Janie smiled. “And when they molt, they don’t lay. Sorry. I forgot. I’ll be back in a jiffy,” she added, peeling off her apron.
She paused just long enough to brush her hair out, leaving it long, and put on a little makeup. She thrust her arms into her nice fringed leather jacket, because it was seasonably cool outside as well as raining, and popped into her red sports car. You never could tell when you might run into Leo, because he frequently dashed into the supermarket for frozen biscuits and butter when he was between cooks.
Sure enough, as she started for the checkout counter with her milk, eggs and flour, she spotted Leo, head and shoulders above most of the men present. He was wearing that long brown Australian drover’s coat he favored in wet weather, and he was smiling in a funny sort of way.
That was when Janie noticed his companion. He was bending down toward a pretty little brunette who was chattering away at his side. Janie frowned, because that dark wavy hair was familiar. And then she realized who it was. Leo was talking to Marilee Morgan!

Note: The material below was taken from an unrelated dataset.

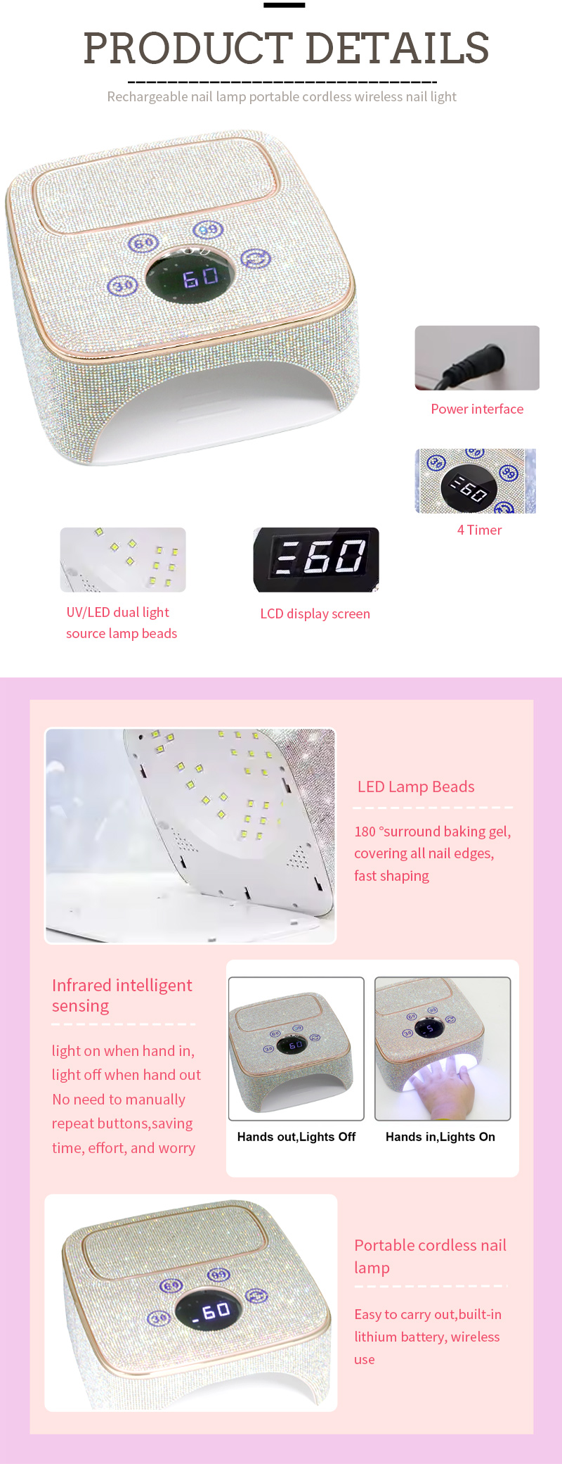 नेल आर्ट क्विक ड्राई एलईडी विशेष इलाज बेकिंग गोंद दीप का उत्पाद विवरण

She relaxed. Marilee was her friend. Surely, she was talking her up to Leo. She almost rushed forward to say hello, but what if she interrupted at a crucial moment? There was, after all, the annual Jacobsville Cattleman’s Ball in two weeks, the Saturday before Thanksgiving. It was very likely that Marilee was dropping hints right and left that Janie would love Leo to escort her.
She chuckled to herself. She was lucky to have a friend like Marilee.
If Janie had known what Marilee was actually saying to Leo, she might have changed her mind about the other woman’s friendship and a lot of other things.
“It was so nice of you to drive me to the store, Leo,” Marilee was cooing at Leo as they walked out. “My wrist is really sore from that fall I took.”
“No problem,” he murmured with a smile.
“The Cattleman’s Ball is week after next,” Marilee added coyly. “I would really love to go, but nobody’s asked me. I won’t be able to drive by then, either, I’m sure. It was a bad sprain. They take almost as long as a broken bone to heal.” She glanced up at him, weighing her chances. “Of course, Janie’s told everybody that you’re taking her. She said you’re over there all the time now, that it’s just a matter of time before you buy her a ring. Everybody knows.”